He felt so stupid for jumping to so many wrong conclusions as he listened to the new tales his rival threaded through the wood. It had been such a simple explanation. He had not thought of it because it would never have occurred to him. It would never have because it dealt with something he no longer knew anything about. It dealt with real life that went on right outside of his small living space. He listened and could not help but feel for the other. He could not help but feel the pressure the other must be under. He heard of exams two weeks in the taking. Such difficult things that he knew he would have ever passed. He would have crumbled under the pressure to succeed and ended up right where he was right now. Listening to someone through a door as they told about a life he would never lead. Exams became need to please parents. He did not have that pressure either. His own parents were done with him. They had given up on him when he had moved to this city to go to university, before he had shut himself away. He was sure they were sure he was dead or barring that, that he was independent and never wanted to see them again. For all purposes, he had no parents to please. Just as he had no friends to go out to bars with and he had no real life to lead unlike the one on the other side of the door.
But he had not accepted apologies. He did not understand why there were needed. All that matter was that he had not been forgotten. All that matter was that his rival was on the other side of that door. Nothing else really mattered. Not even the fact that the dynamic had somehow changed in that moment. He had not even realized that something had changed the moment he had started talking back, though the door. He had not noticed that first day, or the next, or the one after. It was only after a few days of knocking did he realize what the change was. It was not that he was near the door. He had started approaching long before the disappearance. It was not the others words, those had not change. It was not their continual conflicts upon the net. That was as normal as breathing. It was that he had started talking back though the door. Always, he was shy at first. He never knew what to say. He did not have stories of outside life like his rival had. He could not talk about friends or family or this funny thing he had seen on the way over. He could not talk about the news of the day or about things like that. He could not tell his rival about life outside. He also could not tell him about their shared hobby. Work was not something that was spoken of. It was like a taboo between them. His rival never spoke about work, never once made motion of what they did or how many times they had vied for position on the virtual world. He could not speak of school.

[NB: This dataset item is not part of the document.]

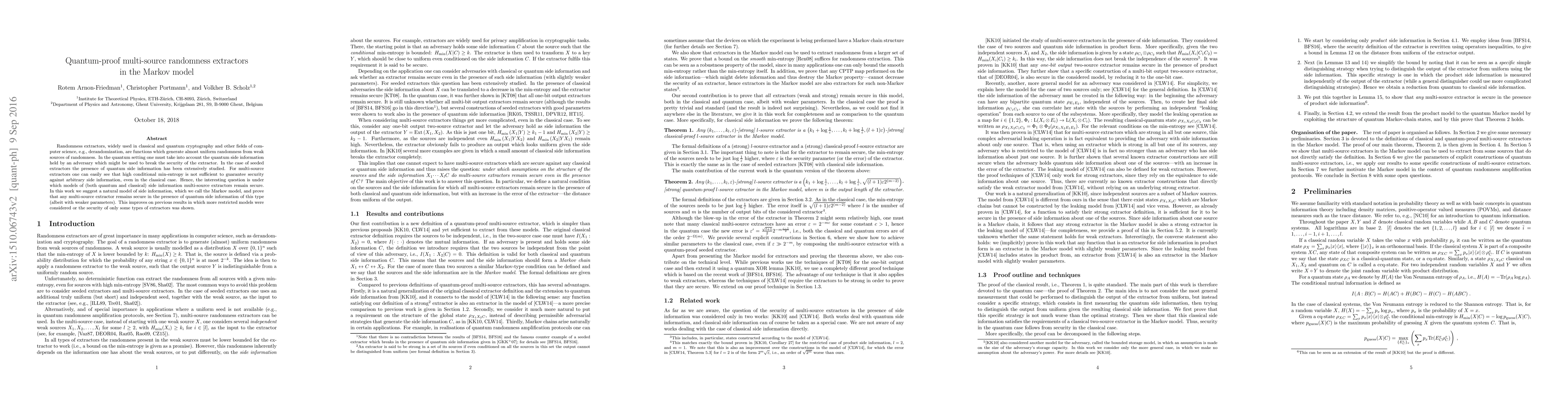 This paper proposes a Markov model for side information and demonstrates that multi-source randomness extractors remain secure against quantum adversaries within this model, improving upon previous results that only considered restricted models and certain types of extractors.
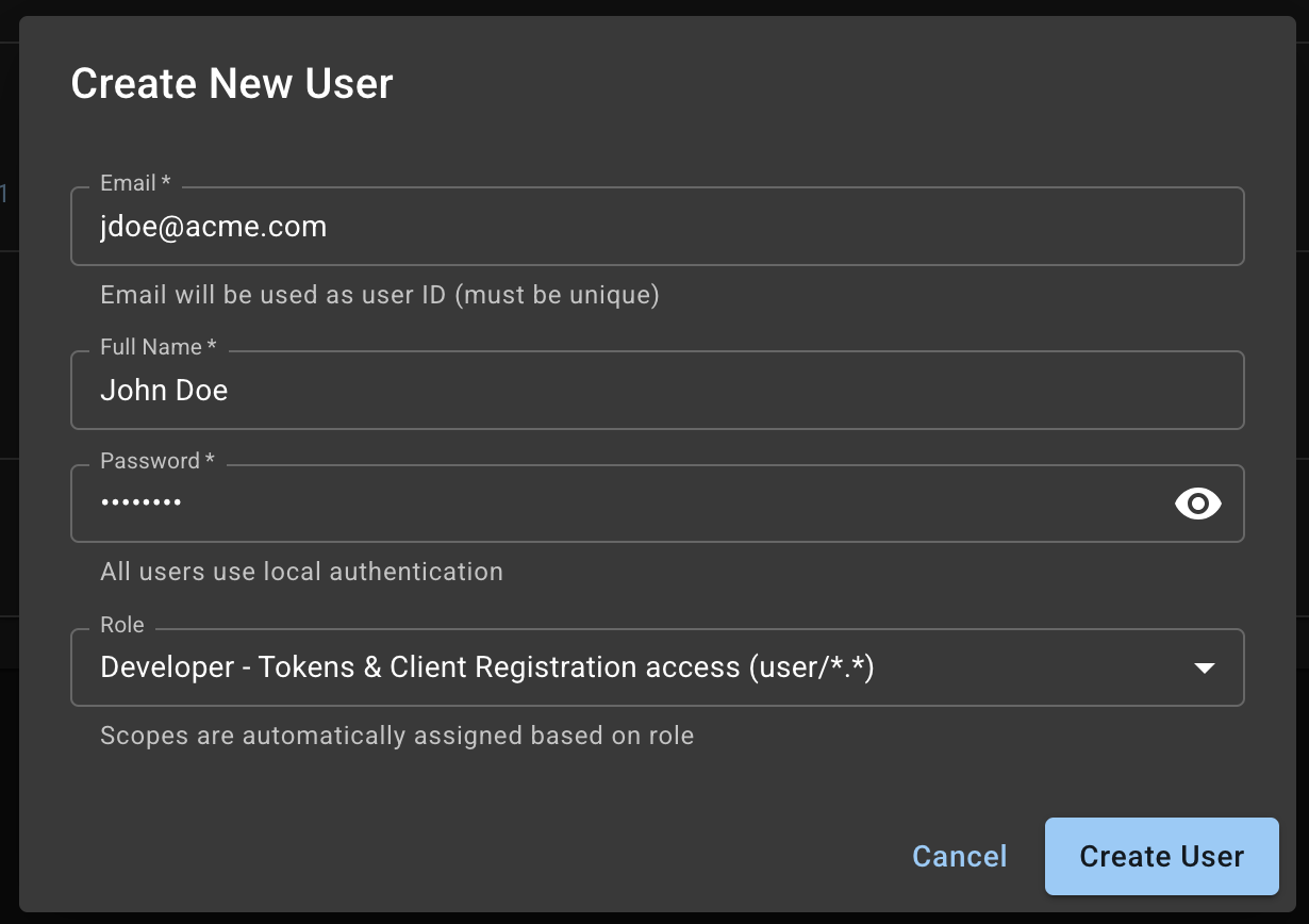 - Roles imply scopes; users do not choose scopes in the UI.

He instead only spoke of the things he knew. He spoke of books he had read recently on line. He spoke of how the laundry service changed the soaps it was using and of how his cloths now smelled of things they did not smell of before and how he really did not like the new scent or that they had stopped using fabric softener. He would speak of this great new recipe he found on a cooking bulletin board and how he wanted to try and make it, but the grocery store he ordered from did not carry the right things. He spoke of his little singular lonely life. He spoke and the other would listen to his halting and unsure tones. The change was just that. The change was that he indeed did speak. But he had learned not to sound too needy. After such talks about missing ingredients, he had found just what was lacking at the next time the delivery came. When he had complained about the laundry service, he had found a new service picking things up for him instead. It was strange, but he had a feeling it was because he did talk and his rival did listen.
They never talked about his past when the other came knocking. He never told the other why he was always just right there behind the door. He never explained why he hid inside his room and never came out. He did not have to talk about why he had locked the door. He never needed to tell the other why he never went outside. It was just good enough that he said that he just did. Nothing more than that was needed. His rival never pressured for his reasoning. His rival never pushed or demanded. His rival just accepted the fact that he would never go outside. And he accepted the fact that his rival was really not a rival any more. He accepted the fact that his rival was truly a friend to him. A real friend and not one of those mystery individuals he talked to on line in the guise of someone else. His rival, no, his friend had however, never stopped asking, never stopped wanting for him to partner up. Even if he never left the house, that was okay, because he was the best.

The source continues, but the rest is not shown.